\(~\)
\(~\)
library(haven)
library(broom)
library(tidyr)
library(gapminder)
library(quantreg)
library(plotly)
library(tidyverse)
library(kableExtra)
library(rmarkdown)
library(purrr)
PS_qnt_incomes <- read_dta("/Users/bastienpatras/Desktop/Sciences Po - Master in Economics/Econometrics/PBset 10/PS_qnt_incomes.dta") %>%
na.omit()
head(PS_qnt_incomes) %>%
kbl(booktabs = T) %>%
kable_styling(latex_options = "striped", full_width = T)
year | educ | age | exper | hincome | nonwhite | expersq |
---|---|---|---|---|---|---|
1999 | 13 | 18 | -2 | 7.247761 | 0 | 4 |
2002 | 8 | 22 | 7 | 8.982443 | 0 | 49 |
2003 | 13 | 22 | 2 | 8.525437 | 0 | 4 |
1996 | 7 | 44 | 30 | 5.875404 | 1 | 900 |
1997 | 10 | 45 | 28 | 5.946600 | 1 | 784 |
2002 | 7 | 49 | 35 | 6.531967 | 1 | 1225 |
\(~\)
\(~\)
sum.stat <- PS_qnt_incomes %>%
group_by(year) %>%
summarize(across(
.cols = everything(),
.fns = list(n = ~n(),
Mean = ~mean(.x, na.rm = T),
SD = ~var(.x, na.rm = T)^0.5,
q10 = ~quantile(.x, na.rm = T, probs = 0.1),
q25 = ~quantile(.x, na.rm = T, probs = 0.25),
q50 = ~quantile(.x, na.rm = T, probs = 0.50),
q75 = ~quantile(.x, na.rm = T, probs = 0.75),
q90 = ~quantile(.x, na.rm = T, probs = 0.90)),
.names = "{.col}_{.fn}")
)
paged_table(sum.stat)
\(~\)
\(~\)
# OLS regression by year
reg.income <- PS_qnt_incomes %>%
na.omit() %>%
group_by(year) %>%
do(reg.income = tidy(lm(hincome ~ educ + exper + as.factor(nonwhite) + expersq, data = .))) %>%
unnest(reg.income)
# Output
paged_table(reg.income)
# Quantile regression by year
qreg.income <- PS_qnt_incomes %>%
na.omit() %>%
group_by(year) %>%
do(qreg.income = tidy(rq(hincome ~ exper + educ +
as.factor(nonwhite) + expersq, data = ., tau=c(0.10, 0.25, 0.50, 0.75, 0.90)), se.type="nid", cov =TRUE)) %>%
unnest(qreg.income)
# Output
paged_table(qreg.income)
# Plotting OLS regression by year
plot.1 <- reg.income %>%
rename(Estimates=term) %>%
ggplot(aes(x=year, y=estimate, color=Estimates)) +
geom_line() +
geom_point(size=0.4) +
theme(axis.text = element_text(angle = 90)) +
scale_color_manual(values = c("#D12380", "#C02176",
"#F0A8CE", "#570F35",
"#8C1855", "#7A154B",
"#691240", "#ED96C5"))
# Output
ggplotly(plot.1)
# Plotting Quantile regression by year
plot.2 <- qreg.income %>%
rename(Estimates=term) %>%
ggplot(aes(x=year, y=estimate, color=Estimates)) +
geom_line() +
geom_point(size=0.4) +
theme(axis.text = element_text(angle = 90)) +
facet_wrap(~`tau`) +
scale_color_manual(values = c("#D12380", "#C02176",
"#F0A8CE", "#570F35",
"#8C1855", "#7A154B",
"#691240", "#ED96C5"))
# Output
ggplotly(plot.2)
\(~\)
The OLS estimation is able to reproduce the general trend of our quantile regression for the selected quantiles.

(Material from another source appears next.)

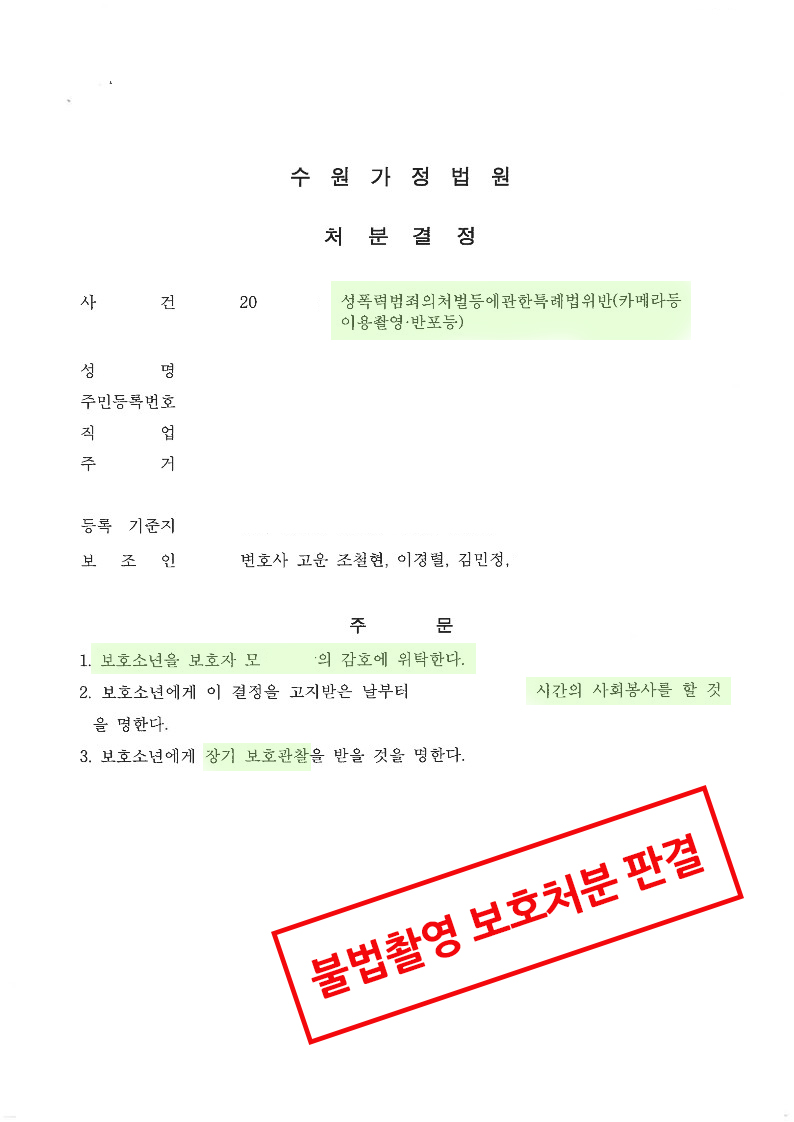 재판부는 형사처벌이 아닌 보호처분 5호를 내렸습니다. A와 부모님들은 처벌 위기에서 벗어나게 되었다는 사실에 매우 만족하였습니다.

However one can observe significant differences in terms of volatility and amplitude, indeed the OLS estimation offers only a partial view of the relationship, and we might be interested in describing the relationship at different points in the conditional distribution of outcome variables. Over the 9 years coverage, the returns on education and experience have not ceased to increase, however the fact of being non-white on income has largely evolved going from positive to negative with a slight difference in volatility for the 10th percentile and 1rst quartile. Indeed, at low level of income the quantile regression indicates that returns on experience have been more important than education over the 9 years coverage. However at higher quantile, the relationship inverts itself and returns on education are higher relative to experience. Additionally the trend over time seems to increase (be more positive) at higher quantile. The quantile regression allows us to drop the assumption that variables operate the same at the upper tails of the distribution as at the mean and to identify the factors that are important determinants of variables.
\(~\)
\(~\)
\[ Q_r(\text{hincome}) = \beta_0(\tau) + \beta_1(\tau) \times \text{exper} + \beta_2(\tau) \times \text{exper}^2 + ... + \beta_5(\tau) x_5\]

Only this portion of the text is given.